Start of THE DATA
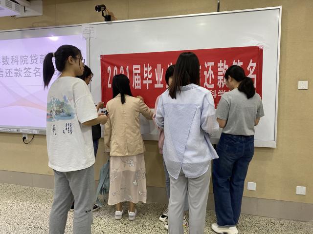 首先,主持人对助学贷款的意义进行了说明。随后,主持人又介绍了还款流程、还款方式和还款要求,对毕业生如果升学办理助学贷款展期的事项进行了说明。国家助学贷款是国家和社会对大学生在信任的基础上提供的帮助,是一种诚信的合约,希望学生们可以在规定时间内还款,切实遵守贷款时的承诺。除此之外,主持人也列举典型事例向同学们说明了未能及时还款会造成的严重后果。本次报告会在毕业生庄严的诚信宣誓中落下帷幕。在报告会结束之际,主持人又对一些学生提出的问题进行详细解答,回答了困扰学生的助学贷款问题。同时,引导参与本活动的同学进行诚信签名,用行动来宣誓自己的承诺。
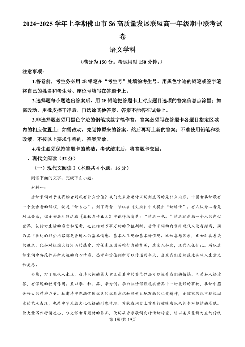 广东省佛山市S6高质量发展联盟2024-2025学年高一上学期期中联考语文(精品解析版)
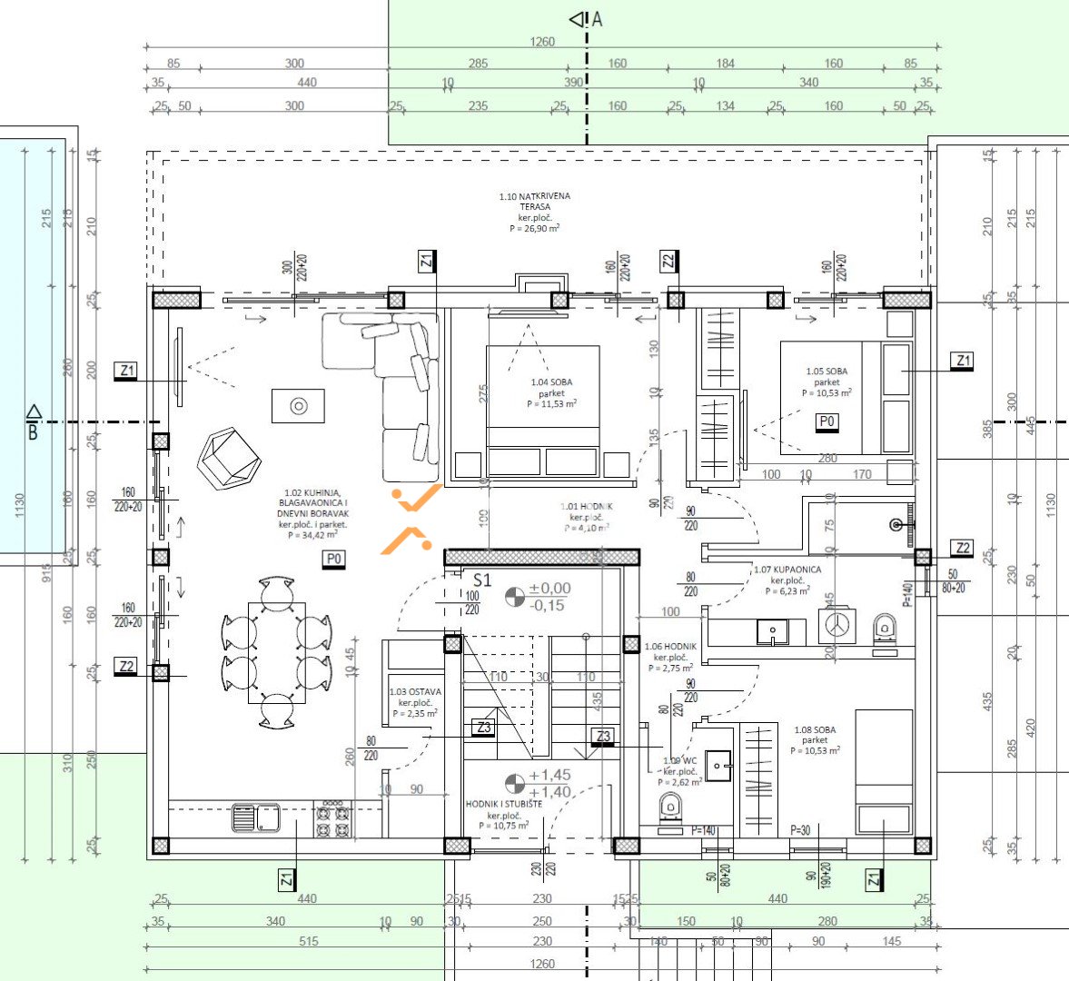 Dodatnu vrijednost nekretnini daje prostrani vrt površine cca 180 m2, od čega će 40 m2 biti popločano i djelomično natkriveno, što omogućuje ugodan boravak na otvorenom tijekom cijele godine. Stanu pripadaju i dva parkirna mjesta.
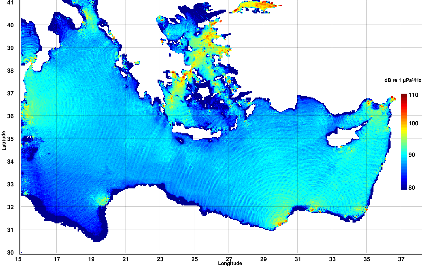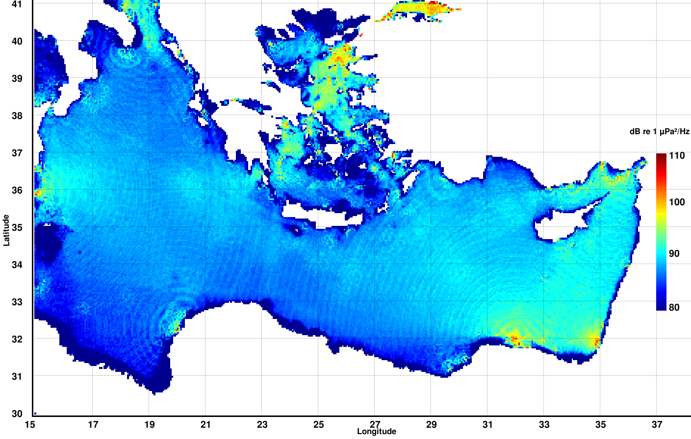 Predicted spectral noise levels, in dB re 1 μPa²/Hz, for the frequency of 100 Hz
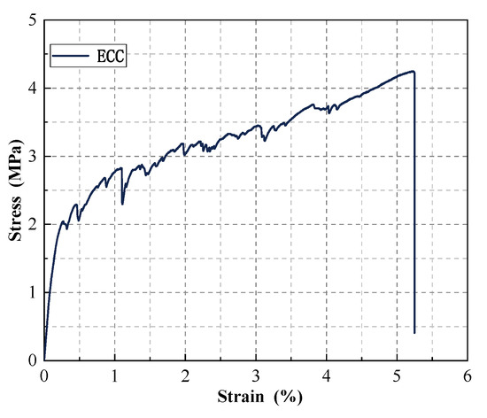 The uniaxial tensile test was conducted according to the Chinese standard JC/T 2461-2018 [20]. The stress–strain curve of the ECC material obtained from the uniaxial tensile test is shown in Figure 1. As shown from the graph, the ECC that was prepared with the test mix design has obvious strain hardening characteristics, with an ultimate strain exceeding 5%, and a tensile strength exceeding 4 MPa.
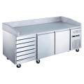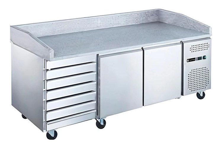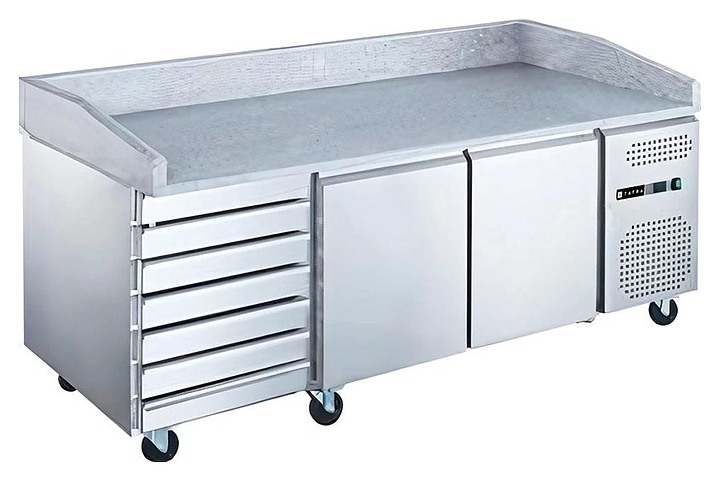 Стол Tatra TPZEN2D7 предназначен для приготовления пиццы на предприятиях общественного питания и торговли. Модель оснащена встроенным холодильным агрегатом с боковым расположением, цифровым термостатом, бортом с 3 сторон, 2 самозакрывающимися глухими дверьми с магнитным уплотнителем, 7 нейтральными ящиками и колесами, 2 из которых со стопорами. Корпус выполнен из высококачественной нержавеющей стали, столешница - из камня.
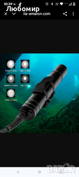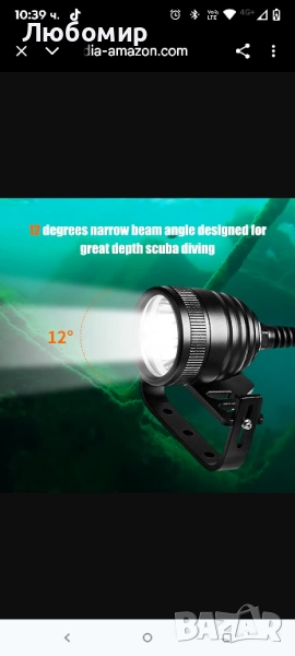 КАБЕЛ 116 СМ И РЕГУЛИРУЕМА СКОБА Контейнерът за батерията е отделен от светлината, можете да прикрепите кутията с батерията към тялото си и просто да държите малката глава на светлината, когато се гмуркате с нея. Държачът може да се регулира между 3-6 см, за да пасне на ръцете
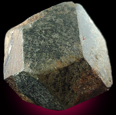 | Description: | Large dodecahedral almandine garnet crystal without matrix. Partial coating of greenish chlorite in some areas. From the classic locality that produced crystals up to 15 cm. This is a good. large crystal that is very complete. |
End of THE DATA
EXERCISE BRIEF:
Go through the listing above and write it out again exactly, dropping the pictures.

OUTPUT OF THE TASK:
 首先,主持人对助学贷款的意义进行了说明。随后,主持人又介绍了还款流程、还款方式和还款要求,对毕业生如果升学办理助学贷款展期的事项进行了说明。国家助学贷款是国家和社会对大学生在信任的基础上提供的帮助,是一种诚信的合约,希望学生们可以在规定时间内还款,切实遵守贷款时的承诺。除此之外,主持人也列举典型事例向同学们说明了未能及时还款会造成的严重后果。本次报告会在毕业生庄严的诚信宣誓中落下帷幕。在报告会结束之际,主持人又对一些学生提出的问题进行详细解答,回答了困扰学生的助学贷款问题。同时,引导参与本活动的同学进行诚信签名,用行动来宣誓自己的承诺。
 广东省佛山市S6高质量发展联盟2024-2025学年高一上学期期中联考语文(精品解析版)
 Dodatnu vrijednost nekretnini daje prostrani vrt površine cca 180 m2, od čega će 40 m2 biti popločano i djelomično natkriveno, što omogućuje ugodan boravak na otvorenom tijekom cijele godine. Stanu pripadaju i dva parkirna mjesta.
 Predicted spectral noise levels, in dB re 1 μPa²/Hz, for the frequency of 100 Hz
 The uniaxial tensile test was conducted according to the Chinese standard JC/T 2461-2018 [20]. The stress–strain curve of the ECC material obtained from the uniaxial tensile test is shown in Figure 1. As shown from the graph, the ECC that was prepared with the test mix design has obvious strain hardening characteristics, with an ultimate strain exceeding 5%, and a tensile strength exceeding 4 MPa.
 Стол Tatra TPZEN2D7 предназначен для приготовления пиццы на предприятиях общественного питания и торговли. Модель оснащена встроенным холодильным агрегатом с боковым расположением, цифровым термостатом, бортом с 3 сторон, 2 самозакрывающимися глухими дверьми с магнитным уплотнителем, 7 нейтральными ящиками и колесами, 2 из которых со стопорами. Корпус выполнен из высококачественной нержавеющей стали, столешница - из камня.
 КАБЕЛ 116 СМ И РЕГУЛИРУЕМА СКОБА Контейнерът за батерията е отделен от светлината, можете да прикрепите кутията с батерията към тялото си и просто да държите малката глава на светлината, когато се гмуркате с нея. Държачът може да се регулира между 3-6 см, за да пасне на ръцете
 | Description: | Large dodecahedral almandine garnet crystal without matrix. Partial coating of greenish chlorite in some areas. From the classic locality that produced crystals up to 15 cm. This is a good. large crystal that is very complete. |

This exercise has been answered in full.